Denoising 2D spectra

Denoising 2D spectra can be done using the above filtering techniques which can be applied sequentially to each rows of a 2D dataset.

e.g., let’s take a series of Raman spectra for demonstration: These spectra present both a significant noise and cosmic rays spikes.

[2]:
# Load the data
dataset = scp.read("ramandata/labspec/serie190214-1.txt")
# select the useful region (in particular spectra are 0 after 6500 s)
nd = dataset[0.0:6500.0, 70.0:]
# baseline correction the data (for a easier comparison)
nd1 = nd.snip()
# plot
prefs = scp.preferences
prefs.figure.figsize = (9, 5)
nd1.plot()
Running on GitHub Actions
MPL Configuration directory: /home/runner/.config/matplotlib
Stylelib directory: /home/runner/.config/matplotlib/stylelib
[2]:
../../_images/userguide_processing_denoising_3_3.png

We can apply a Savgol filter to denoise the spectra

[3]:
nd2 = nd1.savgol(size=7, order=2)
nd2.plot()
[3]:
../../_images/userguide_processing_denoising_5_1.png

The problem is that, not only the spikes are not removed, but they are also broadened.

A better way to simply denoise this spectra is to use the denoise dataset method.

The ratio parameter fix the amount of variance we want to preserve in % (default 99.8%)

[4]:
nd3 = nd1.denoise(ratio=90)
nd3.plot()
[4]:
../../_images/userguide_processing_denoising_8_1.png

This clearly help to increase the signal-to-noise ratio. However, it apparently has in the present case a poor effect on eliminating cosmic ray peaks.

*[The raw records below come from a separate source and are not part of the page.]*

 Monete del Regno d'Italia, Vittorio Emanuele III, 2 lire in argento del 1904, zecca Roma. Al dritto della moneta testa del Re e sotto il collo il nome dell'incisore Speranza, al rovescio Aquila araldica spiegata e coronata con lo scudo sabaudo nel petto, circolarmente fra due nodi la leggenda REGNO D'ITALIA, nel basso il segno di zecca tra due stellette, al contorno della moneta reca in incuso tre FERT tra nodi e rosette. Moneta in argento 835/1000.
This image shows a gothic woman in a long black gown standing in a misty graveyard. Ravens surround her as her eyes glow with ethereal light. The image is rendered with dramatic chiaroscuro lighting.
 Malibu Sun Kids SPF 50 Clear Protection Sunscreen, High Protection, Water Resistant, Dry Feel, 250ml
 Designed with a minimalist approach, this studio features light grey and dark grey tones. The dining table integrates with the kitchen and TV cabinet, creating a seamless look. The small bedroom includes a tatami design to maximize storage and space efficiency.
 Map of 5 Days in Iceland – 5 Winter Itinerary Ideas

Removing cosmic rays spike from Raman spectra

Median filter

A first way to perform this is to apply a median-filter to the data

[5]:
filter = scp.Filter(method="median", size=5)
nd4 = filter(nd1)
nd4.plot()
[5]:
../../_images/userguide_processing_denoising_13_1.png

However, the spike are not fully removed, and are broadened.

despike method

To obtain better results, one can use the despike methods. The default method (‘katsumo’) is based on :cite:t:katsumoto:2003. The second one (‘whitaker’) is based on :cite:t:Whitaker:2018 For both methods, only two parameters needs to be tuned: delta, a threshold for the detection of spikes, and size the size of the window to consider around the spike to estimate the original intensity.

[6]:
X = nd1[0]
nd5 = scp.despike(X, size=11, delta=5)
X.plot()
nd5.plot(clear=False, ls="-", c="r")
[6]:
../../_images/userguide_processing_denoising_16_1.png

Getting the desired results require the tuning of size and delta parameters. And sometimes may need to repeat the procedure on a previously filtered spectra.

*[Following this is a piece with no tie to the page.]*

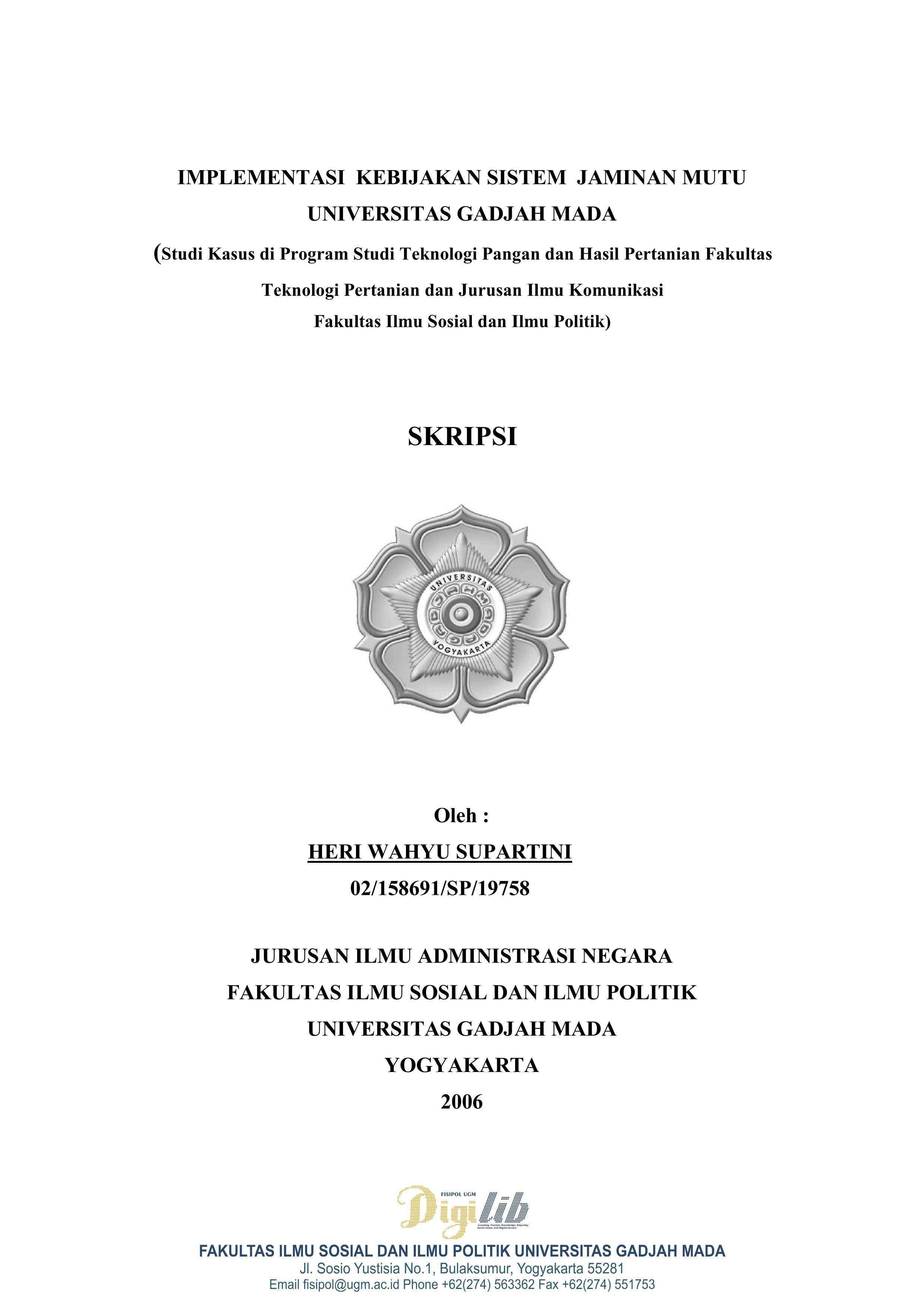 Implementasi Kebijakan Sistem Jaminan Mutu Universitas Gadjah Mada studi kasus di Program Studi Teknologi Pangan dan Hasil Pertanian Fakultas Teknologi Pertanian dan Jurusan Ilmu Komunikasi FISIPOL

For example, it size or delta are badly chosen, valid peaks could be removed. So careful inspection of the results is crucial.

[7]:
nd5b = scp.despike(X, size=21, delta=2)
X.plot()
nd5b.plot(clear=False, ls="-", c="r")
[7]:
../../_images/userguide_processing_denoising_18_1.png

Last we can apply it to the full 2D dataset

[8]:
nd6 = scp.despike(nd1, size=11, delta=5)
nd6.plot()
[8]:
../../_images/userguide_processing_denoising_20_1.png

It is however rarely perfect as the setting of size and delta may be depending on the row.

A possibility to improve it is to apply a denoise filter afterward.

[9]:
nd7 = nd6.denoise(ratio=92)
nd7.plot()
[9]:
../../_images/userguide_processing_denoising_22_1.png

The ‘whitaker’ method is also available:

[10]:
nd8 = scp.despike(nd1, size=11, delta=5, method="whitaker")
nd8.plot()
[10]:
../../_images/userguide_processing_denoising_24_1.png